Plaintiff claims that Defendant Wetzel is vicariously liable for the acts of the employees under his supervision during the altercations. It is well-established that "[a] defendant in a civil rights action must have personal involvement in the alleged wrongs; liability cannot be predicated solely on the operation of respondent superior." Rode v. Dellarciprete, 845 F.2d 1195, 1208 (3d Cir. 1988). The personal involvement requirement, however, may be satisfied by a showing of "personal direction or of actual knowledge and acquiescence." Id.; Pansy v. Preate, 870 F. Supp. 612, 630 (M.D. Pa. 1994), aff'd mem., 61 F.3d 896 (3d Cir. 1995).

Plaintiff alleges that there was knowing acquiescence on the part of Wetzel, and he is therefore liable. Specifically, Plaintiff argues that he put Wetzel on notice of Settings' harassment.
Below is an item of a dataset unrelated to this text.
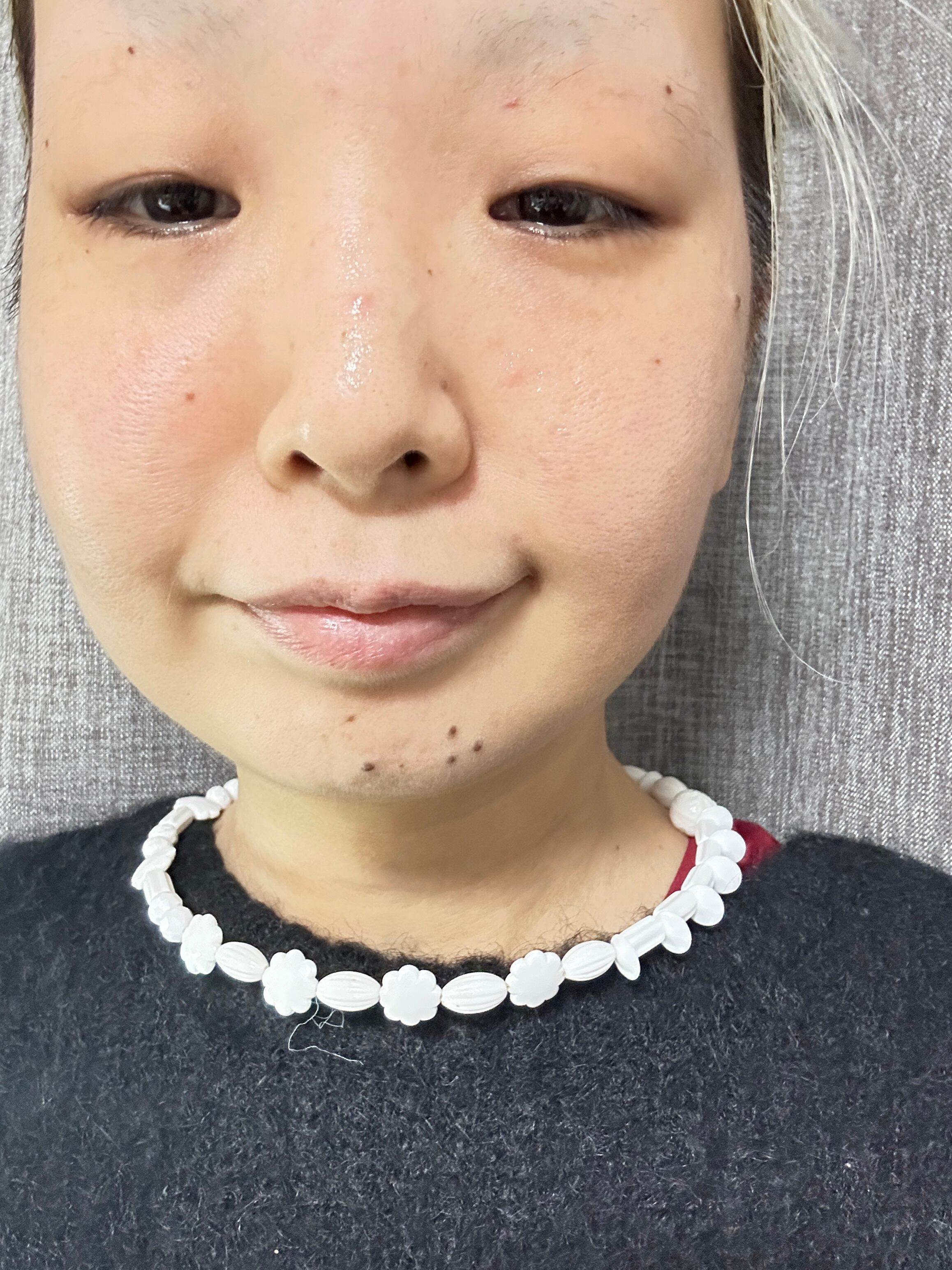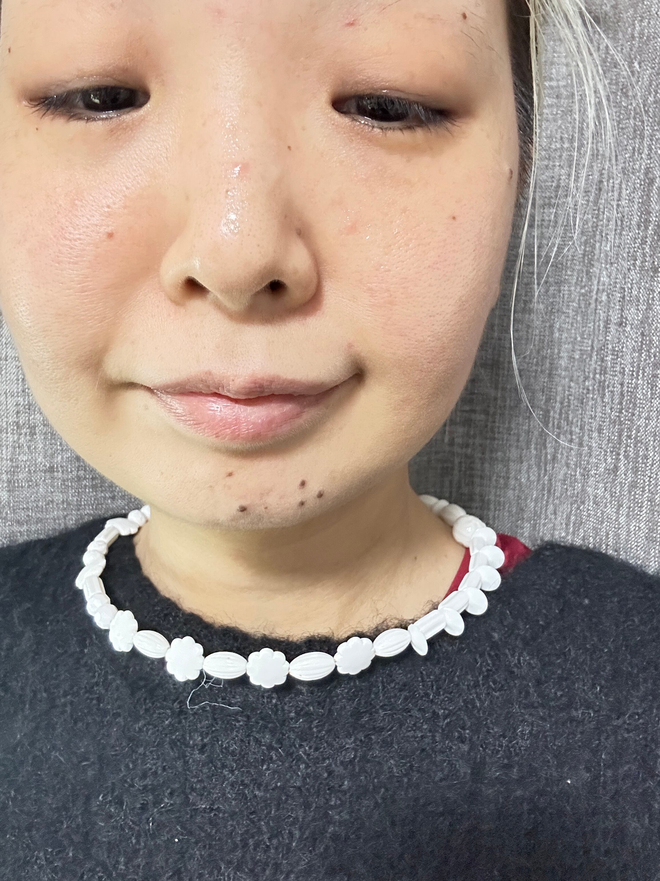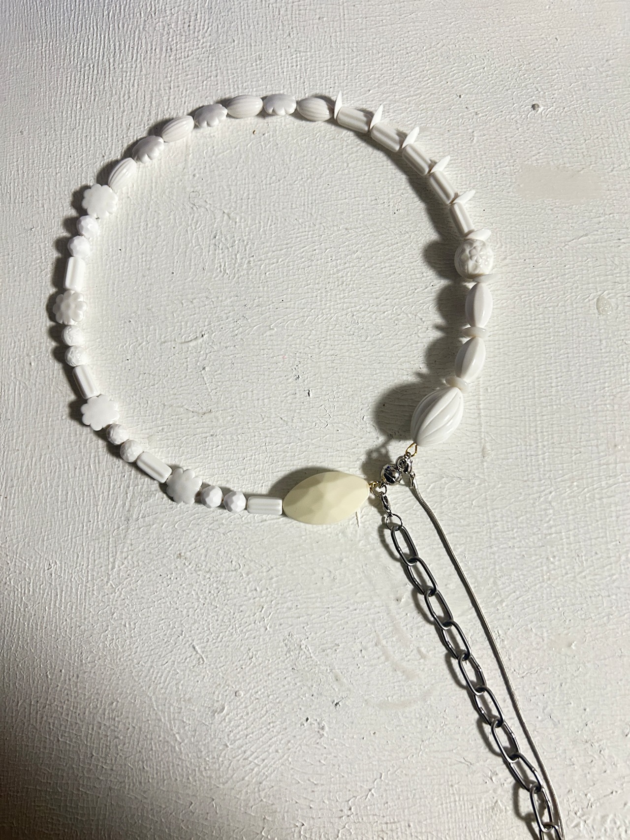 あとは後ろにチェーンを回すと普通のビーズのネックレスを着けているようですが、

Plaintiff argues that upon such notification, "[Wetzel] could have taken precautions to end the treatment that the plaintiff was receiving." (Dkt. Entry 53 at 7.) Plaintiff concludes that "[c]ontinued harassment should have been envisioned by [Wetzel] as a result of his failure to take precautions when notified of the conditions by the plaintiff." (Id.)

The connection between Plaintiff's notification of harassment by one officer and the deliberate use of excessive force by a number of other officers, however, is too attenuated to support a finding of culpable conduct on the part of Warden Wetzel. The Supreme Court has instructed that the information presented to the supervisory official must be such as to show that it is highly likely that the individual who is the subject of the notification will inflict the particular injury sustained by the plaintiff. Board of the County Comm'rs of Bryan County v. Brown, 520 U.S. 397, 412 (1997). Plaintiff has presented no evidence to suggest that the Warden could reasonably have anticipated that Settings would have instigated a confrontation between Plaintiff and other officers that would have erupted into violence. Certainly, the evidence does not show that it was highly likely that Plaintiff would be beaten by guards at the instance of Settings. Even more unlikely is the fact that Monn and Sheppard would break Plaintiff's wrist with application of handcuffs, or Officer Shreiner would have broken Plaintiff's eye socket, as alleged. Nor is there any indication that Warden Wetzel had reason to believe that any of the named defendants had some propensity or motivation to attack Plaintiff. There is no evidence that Plaintiff needed to be isolated from a particular officer for Plaintiff's safety. Stated otherwise, there is no evidence that Warden Wetzel had reason to believe that there was an excessive risk to Plaintiff's safety. Ultimately, there is no evidence to support a conclusion that Wetzel knowingly acquiesced in the alleged violation of Plaintiff's civil rights. Accordingly Wetzel is also entitled to summary judgment.

An appropriate Order follows.

Thomas I. Vanaskie United States District Judge


AND NOW, THIS 25th DAY OF MAY, 2007, for the reasons set forth in the foregoing Memorandum, IT IS HEREBY ORDERED THAT:

1. The Motion for Summary Judgment of Defendants Wetzel, Effland, MacIntosh, and John Doe II (Dkt. Entry 44) is GRANTED.

2. The Clerk of Court is directed to dismiss Defendants Wetzel, Effland, MacIntosh, and John Doe II from this action.

3. A telephonic scheduling conference will be held on June 22, 2007, at 9:00 a.m. Counsel for Plaintiff shall make the arrangements for the conference call.